Rye whiskey was not an uncommon sight to see fermenting at The Early Times Distillery (now called the Brown Forman Distillery). They had produced rye whiskey in the past for brands like Heaven Hill’s Rittenhouse Rye from 1997 to 2007 following their giant distillery fire. They had also been contract distilling rye whiskey for Michter’s up until 2015. It is rumored that Michter’s recipe and the Woodford recipe are closely related to each other.
Woodford Straight Rye Whiskey was released in 2015 but carries no age statement (we know it’s at least 4 years old though). It was bottled at 90.4 proof, like almost all Woodford products. It was joined by a Malt Whiskey in 2018 and a Wheat Whiskey in 2019. Woodford now produces 4 of the 5 major types of whiskey common to America. Could we see Woodford Reserve Corn Whiskey in the future to make it 5 for 5? I hope not!
So how does Woodford’s rye whiskey taste? I didn’t expect much more than a mixer, but Woodford usually prides themselves on being a more premium version of Old Forester, so I hoped that it would hold some sort of surprise. Now that I’ve had a chance to taste this bottle on several occasions, let’s see what I found. I sampled this neat in a glencairn.
Nose: Sweet and light notes of creme brulee, cherry blossoms, vanilla and light floral scents show up first. There are additional aromas of mint, cinnamon stick and orange rind which really hint to its rye nature. Even melted toffee can be found, adding an extra layer of depth.

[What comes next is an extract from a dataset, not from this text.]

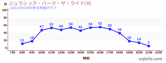 • ジュラシック・パーク・ザ・ライド(R)$B$N(B2022年08月20日の待ち時間
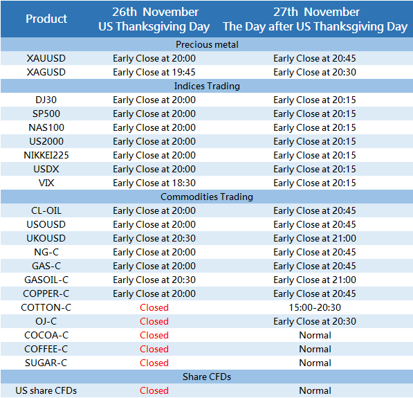 Please note change of the following some products due to the US Thanksgiving Holiday from November 26th to November 27th 2020:

Palate: Light spice and even lighter oak notes. This seems to be somewhat similar to a standard bottle of Woodford Reserve bourbon except it has additional floral and spice notes. A small hint of chocolate as well as sweet grass flavors and bitter citrus rind are easy to find. Lemon oil, baker’s chocolate, dandelion greens and a slight graininess are all present.
Finish: An excellent finish that lingers for a moderately long time. There are delicious flavors of caramel, barrel char, herbs and wildflowers. I even find a bit of tobacco and leather which is impressive in a rye whiskey that is likely not much over 5 years old. The finish even retains a certain amount of sweetness which I love.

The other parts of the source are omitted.